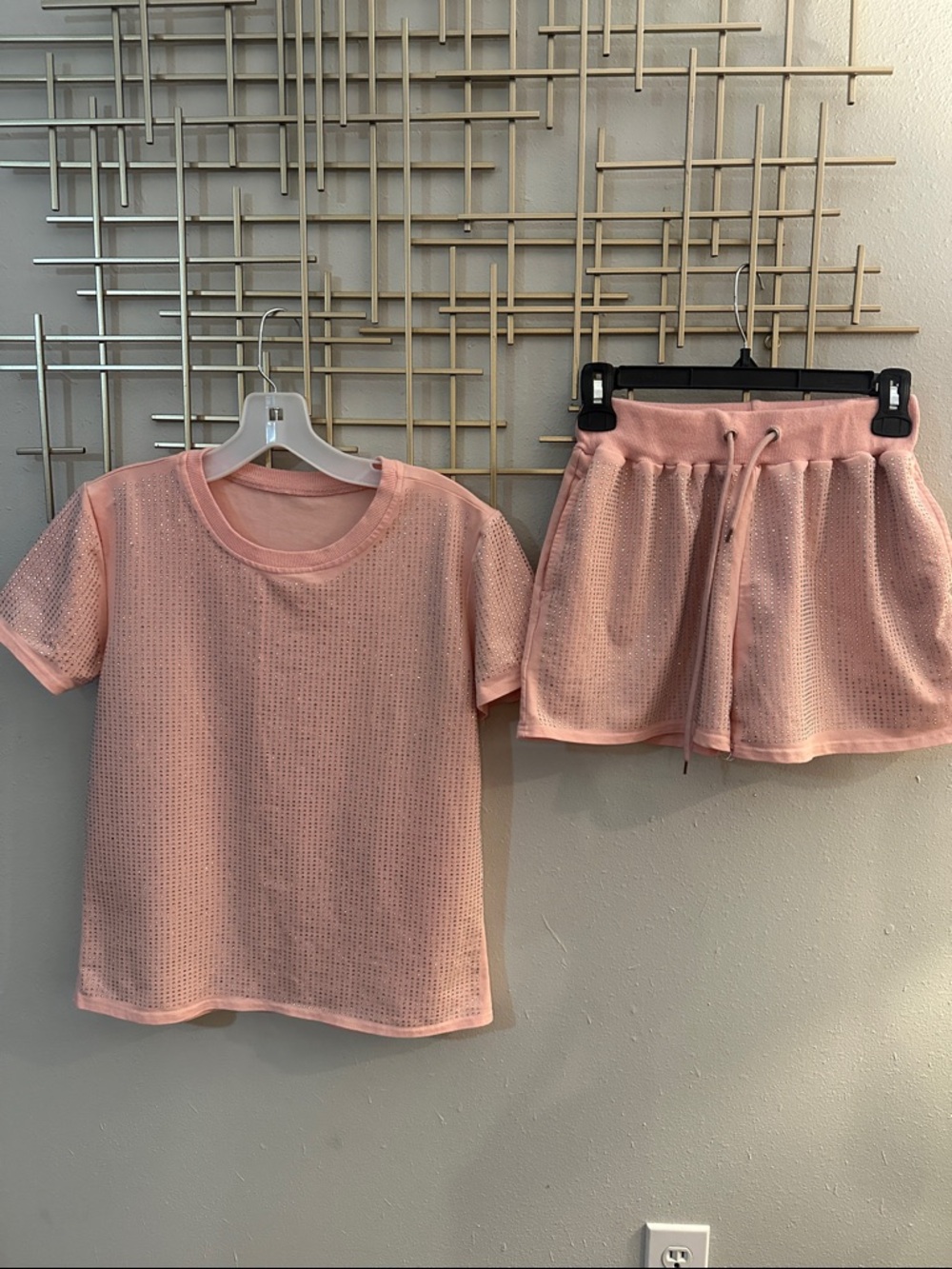 Soft pink rhinestones short-sleeve top and matching shorts. Lightweight and breathable for comfortable spring or summer look. Elastic drawstring waist on shorts for an adjustable fit. Easy-care fabric ideal for everyday wear.
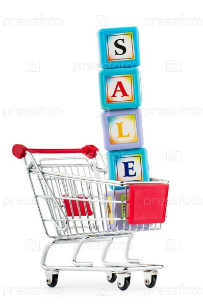 Слово "Распродажа" из цветных кубиков в продуктовой тележке на белом фоне
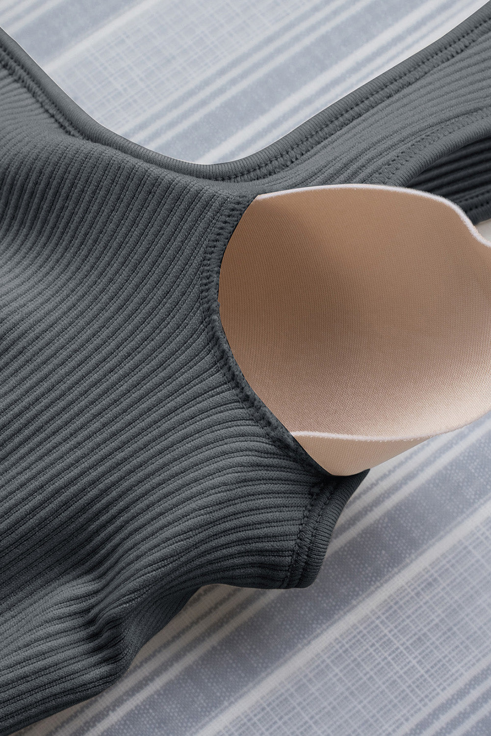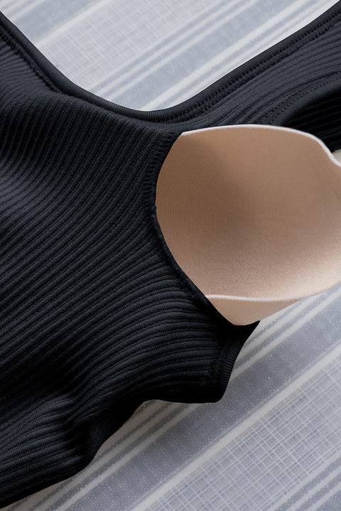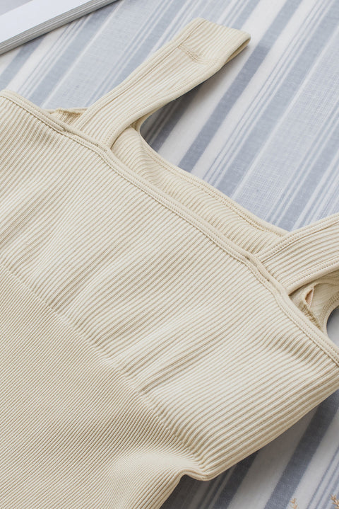 Ribbed Square Neck Padded Sports Romper

▸ **EXERCISE AIM**: Copy the listing verbatim, omitting images.

▸ **RESPONSE BOX**:
 Soft pink rhinestones short-sleeve top and matching shorts. Lightweight and breathable for comfortable spring or summer look. Elastic drawstring waist on shorts for an adjustable fit. Easy-care fabric ideal for everyday wear.
 Слово "Распродажа" из цветных кубиков в продуктовой тележке на белом фоне
 Ribbed Square Neck Padded Sports Romper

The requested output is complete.